▶ [Given information]

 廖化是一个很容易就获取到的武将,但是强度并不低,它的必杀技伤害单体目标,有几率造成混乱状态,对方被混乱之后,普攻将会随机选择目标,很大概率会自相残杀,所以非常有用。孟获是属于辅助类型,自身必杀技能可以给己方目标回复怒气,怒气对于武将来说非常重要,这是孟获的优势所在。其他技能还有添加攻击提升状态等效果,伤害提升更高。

==

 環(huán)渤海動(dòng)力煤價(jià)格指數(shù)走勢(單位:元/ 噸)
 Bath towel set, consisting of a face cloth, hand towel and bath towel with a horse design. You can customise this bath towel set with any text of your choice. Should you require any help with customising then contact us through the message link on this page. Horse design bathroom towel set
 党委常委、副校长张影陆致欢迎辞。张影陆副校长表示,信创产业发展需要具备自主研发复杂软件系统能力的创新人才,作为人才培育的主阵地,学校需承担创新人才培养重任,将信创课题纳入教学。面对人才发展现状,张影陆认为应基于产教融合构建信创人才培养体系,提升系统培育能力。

▶ [Problem to work on] All that belongs in your answer is the stretch of entries above from the line with "環(huán)渤海動(dòn" through the line with "Bath towel set, consisting", printed exactly.

▶ [Solution for this problem]
 環(huán)渤海動(dòng)力煤價(jià)格指數(shù)走勢(單位:元/ 噸)
 Bath towel set, consisting of a face cloth, hand towel and bath towel with a horse design. You can customise this bath towel set with any text of your choice. Should you require any help with customising then contact us through the message link on this page. Horse design bathroom towel set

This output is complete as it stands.